Beverly Hills, Calif. — Advertising and basic subscription revenue are not enough for networks anymore, said FX exec John Landgraf Wednesday during the Hollywood Radio and Television Society State of the Industry Luncheon.
“I really believe that most established brands, HBO owns virtually all of their programming, are going to have to own most of it,” said Landgraf, CEO of FX Networks and FX Productions.
“It’s just the reality that between the two other revenue streams you have - advertising and basic subscription revenue - you can’t quite make the economics work,” he added. “You need that third stream.”

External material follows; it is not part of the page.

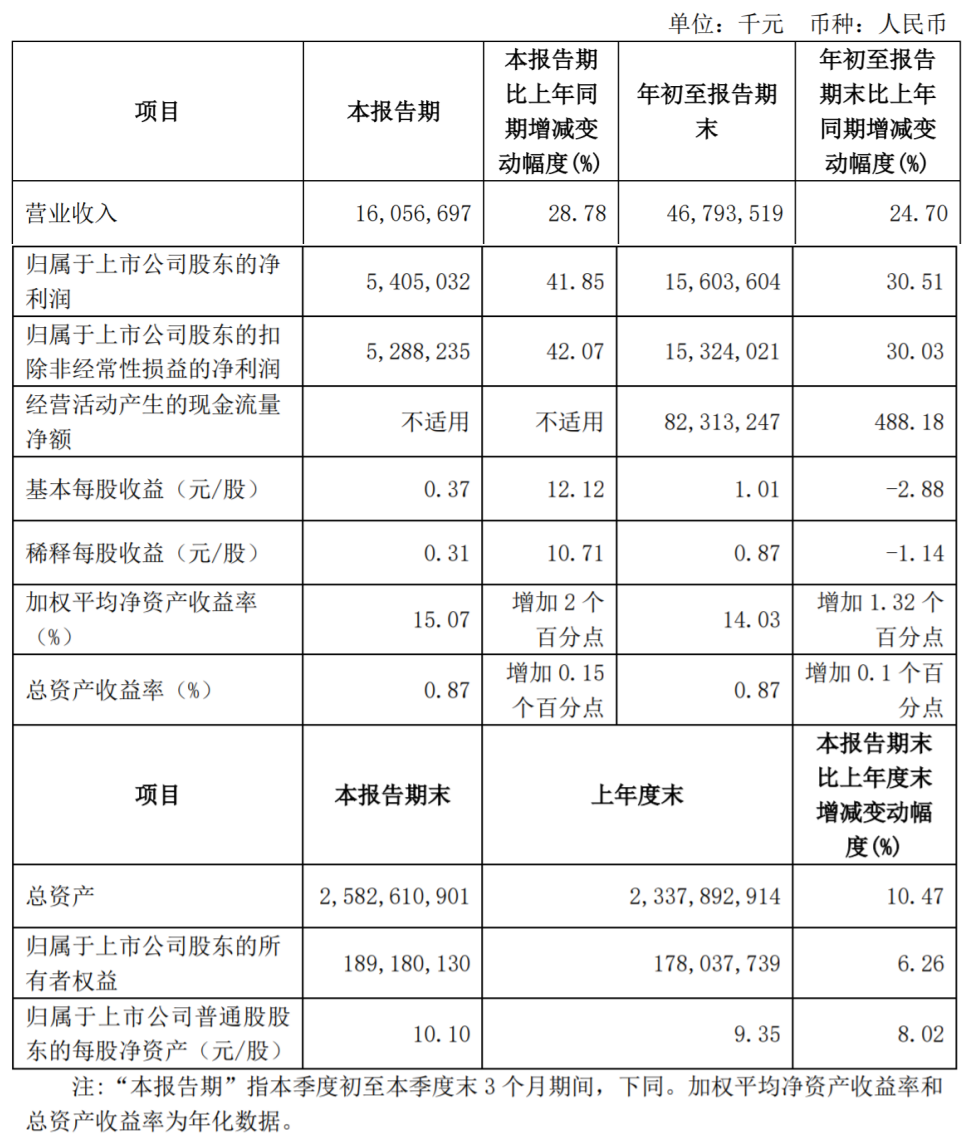 公告显示,江苏银行第三季度营业收入为160.57亿元,同比增加28.78%; 属于上市股东的净利润为54.05亿元,同比增加41.85%。

Landgraf was joined on stage by Kevin Beggs, chairman, Lionsgate Television Group; Gail Berman, chairman and CEO, The Jackal Group; Kathy Savitt, CMO and head of media, Yahoo; Chris Silbermann, founding partner of ICM Partners; and moderator Ben Grossman, principal at Selhurst Media Ventures.
The FX exec continued: “If we can’t retain brand then we can’t retain scale and if we can’t retain scale then we can’t invest in programming.”
“If brands can’t hold together and be a meaningful mediating principal for discovery of new programming then we’re going to have a lot of trouble economically sustaining investment and distribution,” he added.
Sevitt addressed branding from the video streamer’s perspective, explaining that streamers, like Yahoo, need to enable networks to retain their brand identity.
“It’s very, very important for us if we want to be user focused to bring that great content to make sure they know where it comes from because the next time we partner with you they’re going to want to tune in,” she said.
Another branding opportunity, said Berman, comes through the artists. People know what to expect from certain show creators, such as Seth MacFarlane and Shonda Rhimes.
But of course networks need to be able to show potential buyers that their brands are successful. Nielsen, which recently started rolling out viewing data on mobile devices, has been the primary method of measurement for years.
With digital content creators, such as Netflix and Hulu, though, data availability and measurement is less consistent to consumers and the media.
“Some of us are playing in the public space with a set of numbers and some of us are not playing in the public space,” said Berman.
Landgraf took that idea a step further saying that startups like Netflix have more leeway when it comes to ratings reporting, whereas established networks like HBO need to be transparent.
Savitt, though, said that Yahoo, which recently entered the content creation space with the pickup of the NBC-canceled sitcom Community, will provide advertisers with metrics but added that she didn’t know if that data would be shared publicly.
Whether working with advertisers or providers, though, flexibility is important.
“Every deal is makable if like-minded parties want to get together and push content forward,” said Beggs. “Everyone has to think about every window, footprint differently.”
One changing window mentioned was viewing habits. With more and more young consumers turning to second screen devices for their content, the traditional sense of television is changing. But Landgraf said that despite the change in mode, viewers will still pay.
“I think this notion that young people won’t pay for content, in my opinion I think it’s a misnomer,” he said. “I think what they won’t do, is they won’t enter the system that their parents have been a part of in the manner their parents were asked into the system.”
He added: “Ultimately, those who deliver this content are going to have to figure out how to get to them the way they want.”